Activity
Go through the listing below and write out exactly the lines from the one that mentions "Installed the light" through the one that mentions "then wound around", minus the pictures.

Records for the exercise
============
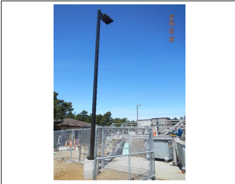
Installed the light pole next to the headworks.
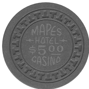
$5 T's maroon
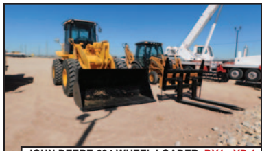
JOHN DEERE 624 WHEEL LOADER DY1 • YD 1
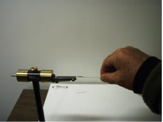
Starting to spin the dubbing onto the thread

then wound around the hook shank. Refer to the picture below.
============
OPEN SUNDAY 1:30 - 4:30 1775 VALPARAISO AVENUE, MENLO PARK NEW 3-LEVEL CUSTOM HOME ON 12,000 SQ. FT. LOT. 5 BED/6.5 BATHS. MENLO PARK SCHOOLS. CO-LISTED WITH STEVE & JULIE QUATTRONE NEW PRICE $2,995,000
============
Solution for this task
Installed the light pole next to the headworks.
$5 T's maroon
JOHN DEERE 624 WHEEL LOADER DY1 • YD 1
Starting to spin the dubbing onto the thread

then wound around the hook shank. Refer to the picture below.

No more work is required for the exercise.